Something bad had happened. Why was this man forcing her to try and remember it? For a scant moment her eyes fixed on his hard, chiselled face, but she quickly closed them again because studying the unforgiving rigid lines of jaw, mouth and cheekbone that confronted her made her feel bad somehow…as if she’d done something wrong…something really wrong. If only she could remember what it was.
Yet maybe it was best that she didn’t remember. Thankfully, the cottonwool fuzziness returned just in time. No more trying to recall things that might cause pain and distress. She was in hospital. That much she did know. That was quite enough knowledge of her predicament to be going on with…
He cut a sombre, rather intimidating figure in his black suit, and she wondered vaguely if he might be in mourning for someone. Why was he there almost every time she opened her eyes? What was he waiting for?

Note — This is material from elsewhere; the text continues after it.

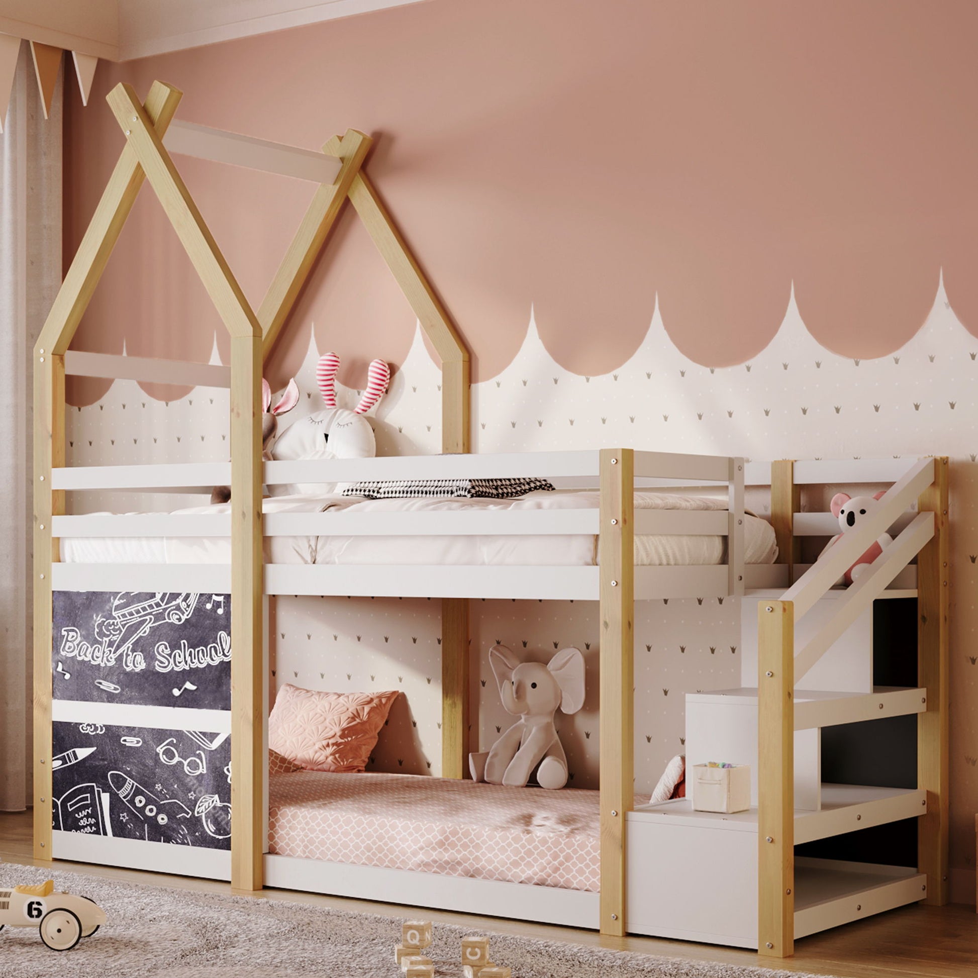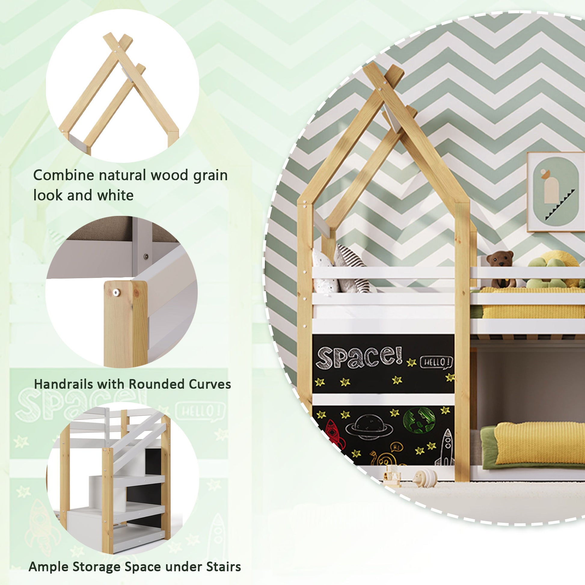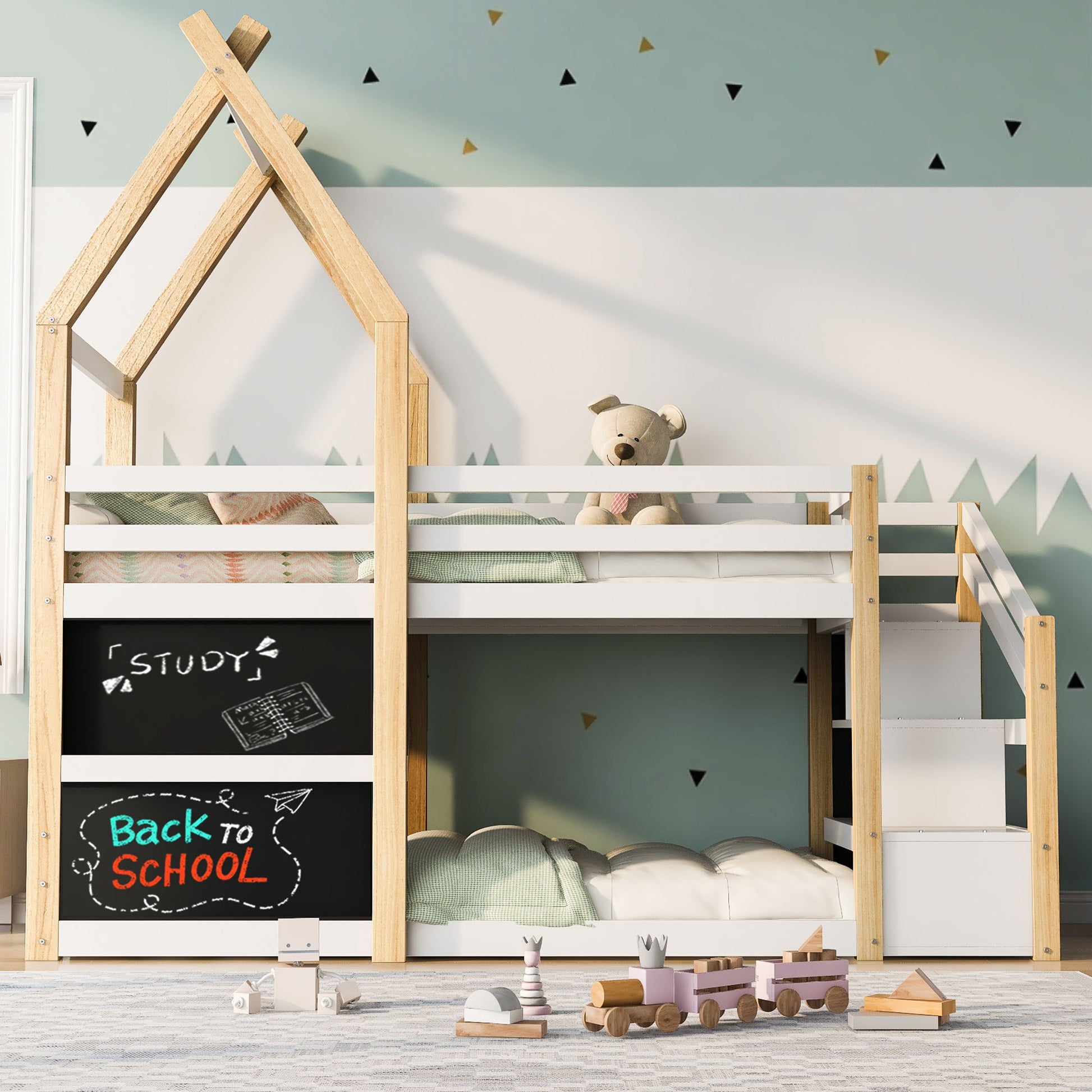 Twin Over Twin House Bunk Bed With White Storage Staircase And 2 Blackboards - White / Natural

The tantalising threads of some kind of personal connection hovered frustratingly close, but right then the final link was beyond her. However, the sickening feeling persisted that she had been the cause or at least the catalyst for something dreadful. Deliberately veering her thoughts away from trying to imagine what, she focused on the plain, uninspiring room, with its nondescript oatmeal-coloured walls and the hospital scent that permeated everything around her. She sensed a heaviness in the lower part of her body. Glancing down, she realised for the first time that both her legs were in plaster. Making a little sound of distress, she turned her cheek into the pillow and again shut her eyes…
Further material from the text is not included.